Discrete Differential Forms

One way to encode a 1-form might be to store a finite collection of “arrows” associated with some subset of points. Instead, we’re going to do something a bit different: we’re going to integrate our 1-form over each edge of a mesh, and store the resulting numbers (remember that the integral of an $n$-form always spits out a single number) on the corresponding edges. In other words, if $\alpha$ is a 1-form and $e$ is an edge, then we’ll associate the number

$\hat{\alpha}_e := \int_e \alpha$

with $e$, where the use of the hat ($\ \hat{}\$) is supposed to suggest a discrete quantity (not to be confused with a unit-length vector).

Does this procedure seem a bit abstract to you? It shouldn’t! Think about what this integral represents: it tells us how strongly the 1-form $\alpha$ “flows along” the edge $e$ on average. More specifically, remember how integration of a 1-form works: at each point along the edge we take the vector tangent to the edge, stick it into the 1-form $\alpha$, and sum up the resulting values — each value tells us something about how well $\alpha$ “lines up” with the direction of the edge. For instance, we could approximate the integral via the sum

$\int_e \alpha \approx |e|\left(\frac{1}{N} \sum_{i=1}^N \alpha_{p_i}(\hat{e})\right),$

where $|e|$ denotes the length of the edge, $\{p_i\}$ is a sequence of points along the edge, and $\hat{e} := e/|e|$ is a unit vector tangent to the edge:

Of course, this quantity tells us absolutely nothing about the strength of the “flow” orthogonal to the edge: it could be zero, it could be enormous! We don’t really know, because we didn’t take any measurements along the orthogonal direction. However, the hope is that some of this information will still be captured by nearby edges (which are most likely not parallel to $e$).

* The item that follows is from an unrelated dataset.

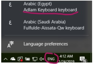 When you select it in Windows it should say Adlam keyboard, but when you are selecting the language at the bottom of your screen, you chose Arabic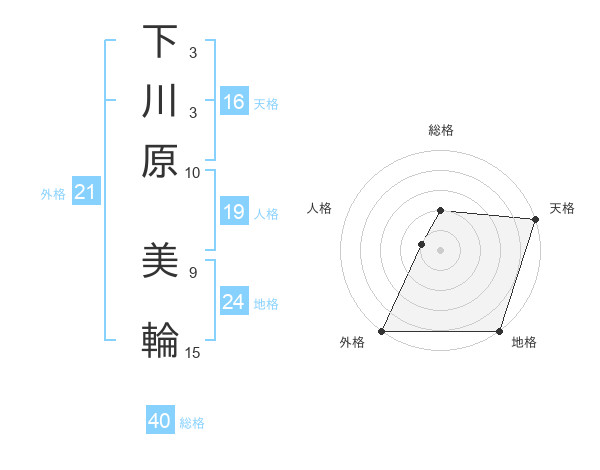 下川原 美輪さんを姓名の画数から五運を鑑定

More generally, a $k$-form that has been integrated over each $k$-dimensional cell (edges in 1D, faces in 2D, etc.) is called a discrete differential $k$-form. (If you ever find the distinction confusing, you might find it helpful to substitute the word “integrated” for the word “discrete.”) In practice, however, not every discrete differential form has to originate from a continuous one — for instance, a bunch of arbitrary values assigned to each edge of a mesh is a perfectly good discrete 1-form.

Orientation

One thing you may have noticed in all of our illustrations so far is that each edge is marked with a little arrow. Why? Well, one thing to remember is that direction matters when you integrate. For instance, the fundamental theorem of calculus (and common sense) tells us that the total change as you go from $a$ to $b$ is the opposite of the total change as you go from $b$ to $a$:

$\int_a^b \frac{\partial\phi}{\partial x} dx = \phi(b)-\phi(a) = -(\phi(a)-\phi(b)) = -\int_b^a \frac{\partial\phi}{\partial x} dx.$

Said in a much less fancy way: the elevation gain as you go from Pasadena to Altadena is 151 meters, so of the elevation “gain” in the other direction must be -151 meters! Just keeping track of the number 151 does you little good — you have to say what that quantity represents.

Therefore, when we store a discrete differential form it’s not enough to just store a number: we also have to specify a canonical orientation for each element of our mesh, corresponding to the orientation we used during integration. For an edge we’ve already seen that we can think about orientation as a little arrow pointing from one vertex to another — we could also just think of an edge as an ordered pair $(i,j)$, meaning that we always integrate from $i$ to $j$.

More generally, suppose that each element of our mesh is an oriented $k$-simplex $\sigma$, i.e., a collection of $k+1$ vertices $p_i \in \mathbb{R}^n$ given in some fixed order $(p_1, \ldots, p_{k+1})$. The geometry associated with $\sigma$ is the convex combination of these points:

$\left\{ \sum_{i=1}^{k+1} \lambda_i p_i \left| \sum_{i=1}^{k+1} \lambda_i = 1 \right. \right\} \subset \mathbb{R}^n$

(Convince yourself that a 0-simplex is a vertex, a 1-simplex is an edge, a 2-simplex is a triangle, and a 3-simplex is a tetrahedron.)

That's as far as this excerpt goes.